The Life of Cape-to-Cairo Grogan.
A highly original and thoroughly engaging biography of Ewart Grogan, "the founding father of Kenya", imperial adventurer, and "the baddest and boldest of a bold bad gang" of early settlers. He is renowned for having walked six thousand miles from Cape Town to Cairo to win the hand of his bride, after his father-in-law-to-be challenged him to do "something worthwhile".
By the time he was twenty-five he had completed his trek, defying cannibals along the way, had been elected the youngest ever member of the Alpine Club for his ascents of the Matterhorn and Mont Blanc, been sent down from Cambridge for tethering a ravenous billy goat in his tutor's rooms after a prolonged session in the Red Lion public house and had walked out of the Slade, preferring to enlist as a trooper in the Second Matabele War rather than spend his days surrounded by "long-haired lizards".

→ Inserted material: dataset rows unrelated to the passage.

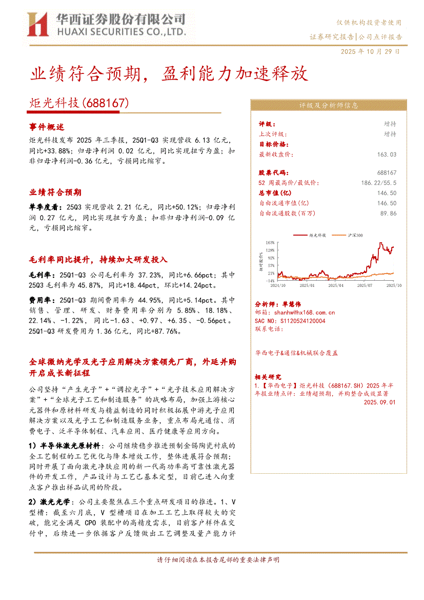 炬光科技:华西证券-炬光科技-688167-业绩符合预期,盈利能力加速释放-251029
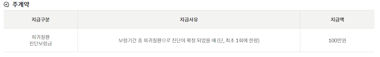 (주계약) 태아의 희귀질환 진단보험금 100만원 (최초 1회에 한함)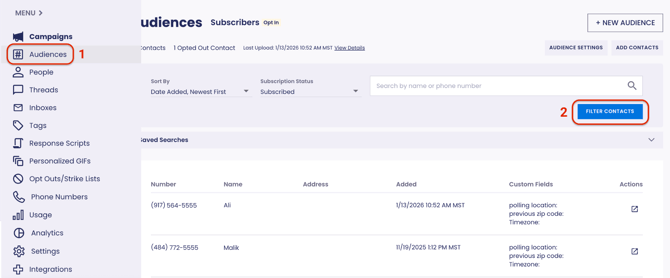 Note: When filters are applied, you will see the number of contacts that fit the filter criteria as well as the number of opted out contacts.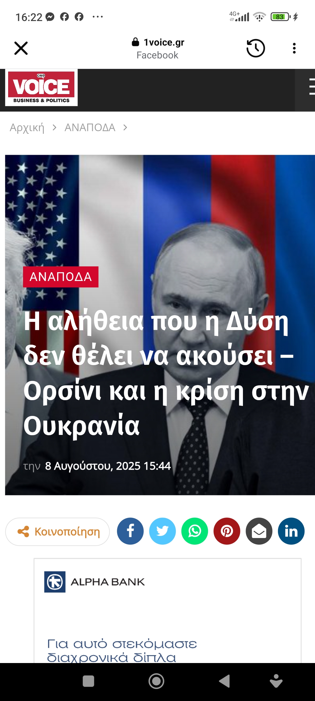 Eυρώπη / ΔιεθνήΑλεσάντρο Ορσίνι: Ήδη οι ΗΠΑ εξέθεσαν τους Ουκρανούς στη ρωσική απειλή. Θα το επαναλάβουν και στην περίπτωση πυρηνικού χτυπήματος στο Κίεβο Πέτρος Ιωάννου8 μήνες ago8 μήνες ago01 mins 9/8/2025 Η αλήθεια που η Δύση δεν θέλει να ακούσει – Ορσίνι και η κρίση στην Ουκρανία αλιευμένο από: Ανδρέα Ρουμελιώτη Πλοήγηση άρθρων Previous: Αλέκος Σακελλάριος, εις εμαυτόν και περί νεοελλήνωνNext: Μάτια που μιλάνε Αφήστε μια απάντηση Ακύρωση απάντησηςΗ ηλ. διεύθυνση σας δεν δημοσιεύεται. Τα υποχρεωτικά πεδία σημειώνονται με *Σχόλιο * Όνομα * Email * Ιστότοπος Αποθήκευσε το όνομά μου, email, και τον ιστότοπο μου σε αυτόν τον πλοηγό για την επόμενη φορά που θα σχολιάσω.

Within a few years he became Kenya's largest landowner and foremost entrepreneur, founded the colony's timber industry, laid the foundations of the modern capital of Nairobi, and built the docks at Mombasa. For his audacity in two world wars, operating behind enemy lines in German East Africa, Grogan was awarded the DSO, the Order of Leopold and was mentioned three times in dispatches. He was a friend and confidant of Rhodes, Milner, Kitchener, Chamberlain, Smuts, Kenyatta and a host of others.
'Lost Lion Of Empire' is a brilliant and powerful account both of the life of an exceptional man and the birth of a country.